10 The articles published in this thematic issue relate to the major logging and lumbering regions of Canada and range from in-depth studies of the evolution of lumbering machinery to the working conditions and lifestyles of nineteenth-century shantymen. From British Columbia comes an article on innovation and invention in shingle milling machinery from 1900 to 1925 when the machinery reached such a level of sophistication that few substantial changes have been made in the succeeding years. Also from British Columbia is a study of the use of logging locomotives, mainly on Vancouver Island, and their preservation record. An article from eastern Canada portrays the living and working conditions of shantymen in the years 1850-55 in the Kawartha Lakes area of Ontario.
11 From Quebec come the first results of an extensive study on logging and regional development in the St. Maurice Valley. Some of the articles focus on the living and working conditions of shantymen, while others transcend the traditional boundaries of material history, delving into the material and judicial infrastructure which had a profound effect on the loggers' everyday lives.
12 A research note, an exhibit review, and reports on collections are included at the end and add other perspectives to the study of the material history of the forest industry. The research note reports on a major collaboration between the National Museum of Man and the British Columbia Provincial Museum in studying the Georgetown Mill, in operation from 1875 to 1969. Another provides data on the products and operations of four Nova Scotia manufacturers of sawmill machinery, 1880-1920.

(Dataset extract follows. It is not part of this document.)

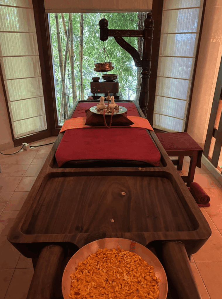 Each day included three or four treatments: multiple four-handed Abhyanga massages that seemed to melt time, Shirodhara with warm oil streaming over my forehead (I fell asleep almost instantly), acupuncture, reflexology, a body mud mask (also fell asleep), and Emotional Healing through hypnotherapy that left me reeling.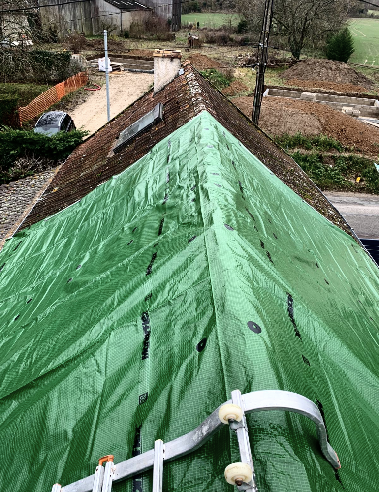 🛡️ Pose de bâche d'urgenceArrêt immédiat des infiltrations.

13 In assembling such a wide range of articles and publishing them in the same issue, the editors recognize that the material history of the forest industry is still in its infancy. The dissimilarity between the articles presented here makes this quite evident. Even though the general field of research is the same, Griffin's article on shingle milling machinery in British Columbia, for example, is very different in kind from that dealing with life in the lumber camps of the Kawartha Lakes. Why, then, compile these articles, some of which focus on the objects — which at first sight would seem to be the main field of study in material history — while others deal with the people who used them or the conditions which produced them?
14 In asking this question, we raise not only the thorny problems of the objective and methodology of research but also that of the concept of material history itself. Should we limit ourselves to the method used by archaeologists, who all too often had to rely on artifacts as their sole sources of reference, or should we go further and treat these artifacts as simply one among many sources of information on a given culture? If we opt for the second approach, we enter the field of cultural history where concepts and approaches are much more numerous. Obviously, it is not a question of undertaking a detailed study of these different approaches but rather of encouraging material history researchers to examine not only the anthropological, archaeological, and folkloric aspects, for which the literature is becoming more and more abundant, but also the Marxist viewpoint in which material culture and methods of production are indissociable. Also to be considered is the approach of Fernand Braudel,1 for whom material life is so all-embracing that it cannot be understood without studying the structures of exchange, i.e., the economy.
15 There has been no serious discussion in Canada of the concept of culture in relation to its material aspects.3 Such a debate is needed, especially since museums and institutions of learning and research are paying greater attention to this field of inquiry.